Mixed-language automatic differentiation
Published in Optimization Methods and Software, 2018
Valérie Pascual, Laurent Hascoët
Static data-flow analysis [10] is an essential step to achieve efficient differentiation with a source-to-source AD tool. The goal of static data-flow analysis is to provide information on the data computed and returned by a program without knowing the values of the program's run-time inputs. In other words, static data-flow analysis extracts useful information on the program at compile time, this information being thus valid for any run-time execution on any inputs. Obviously, such an information can only be partial and must often resort to the undecidable ‘I don't know’ reply in addition to ‘yes’ or ‘no’. Abstract interpretation [4] is a framework for static data-flow analysis in which the values computed in the original code are replaced with abstract values containing the propagated abstract information. One classical example of the abstract information that one may want to propagate is the interval in which the run-time value will range, or the set of possible destinations of each pointer variable. Starting from some abstract information on the inputs or outputs (which may be empty), abstract interpretation propagates it through the program, possibly guided by its control-flow structure. Instead of a true execution of the program, possible only at run-time, this propagation must stand for every possible execution path. Some data-flow analyses follow these paths forward, others need to follow them backward. As call graphs may be cyclic in general (recursivity), and flow graphs may be cyclic (loops), completion of the analysis requires the reaching of a fixed point both on the call graph and on each flow graph.
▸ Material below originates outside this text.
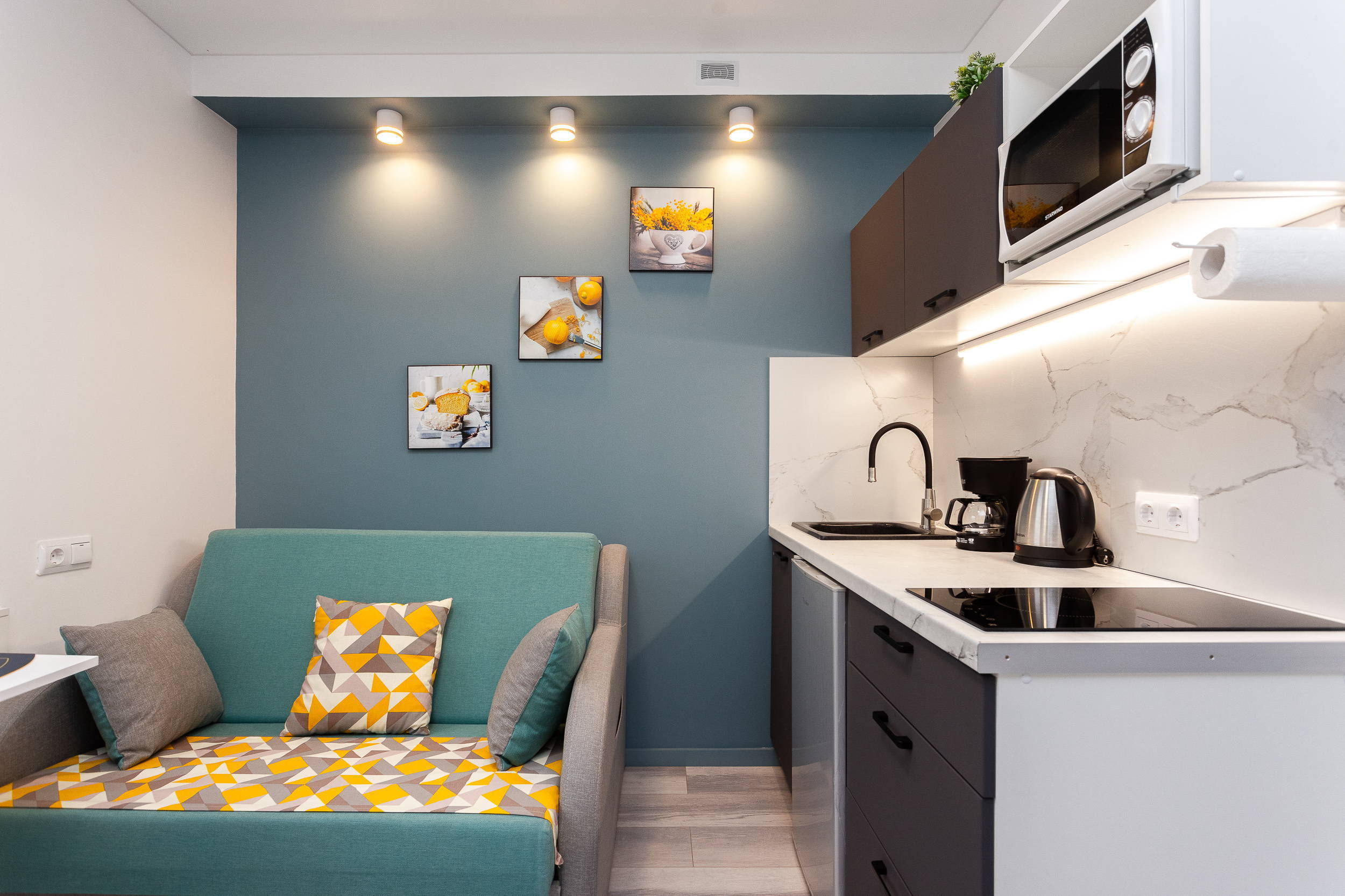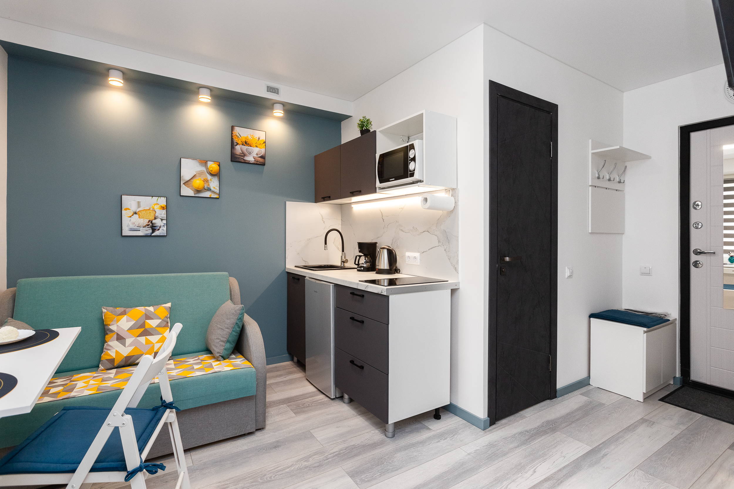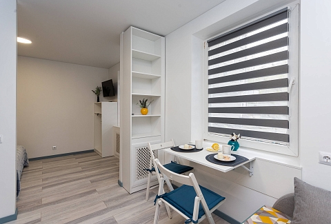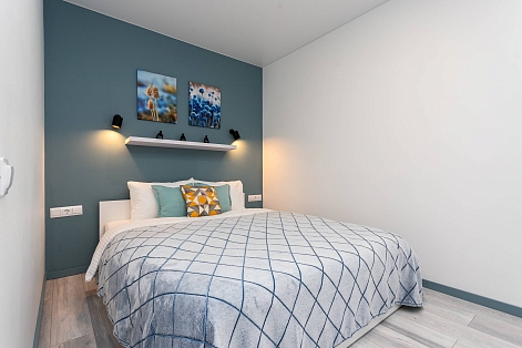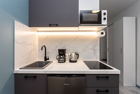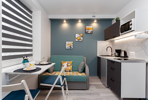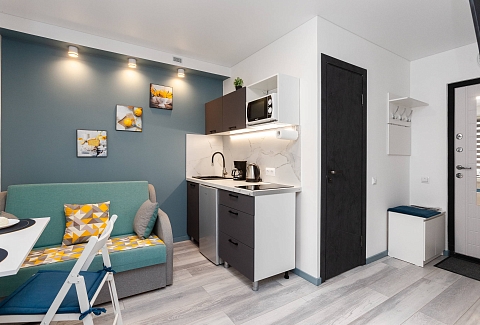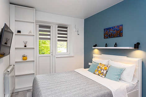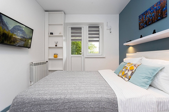 Для гостей, путешествующих на автомобиле, предусмотрена удобная парковка.Внутреннее пространство грамотно организовано для отдыха четырех гостей. Предусмотрены двуспальная кровать шириной 160 сантиметров и компактный диван. В распоряжении гостей современная бытовая техника: варочная панель, мини-холодильник, СВЧ-печь, электрочайник, стиральная машина и всё необходимое для глажки. Кухонная зона полностью укомплектована посудой и принадлежностями для приготовления еды. В ванной комнате с душевой кабиной всегда есть горячая вода, а для комфорта предусмотрен фен. К приятным мелочам относятся свежее постельное белье, полотенца, тапочки, а также стартовый набор гигиенических средств, чай, кофе и сахар. В апартаментах работает бесплатный беспроводной интернет и есть телевизор с плоским экраном.Это уютное пространство на первом этаже станет надежным убежищем в ритме большого города: здесь гарантирована тишина, тщательная дезинфицирующая уборка после каждого выезда и круглосуточная возможность самостоятельного заезда без лишних контактов.

The abstract domain in which the propagated information range is designed in such a way that this fixed point is reached in a finite number of iterations. Most of the classical data-flow analyses prove useful for AD as well as specific analyses such as activity and TBR analyses [8,14]. In most AD-specific data-flow analysis, the abstract information is, for each variable v, a boolean value (e.g. does v influence the output in a differentiable way?) or a set of other variables (e.g. which input variables have a differentiable influence on v?).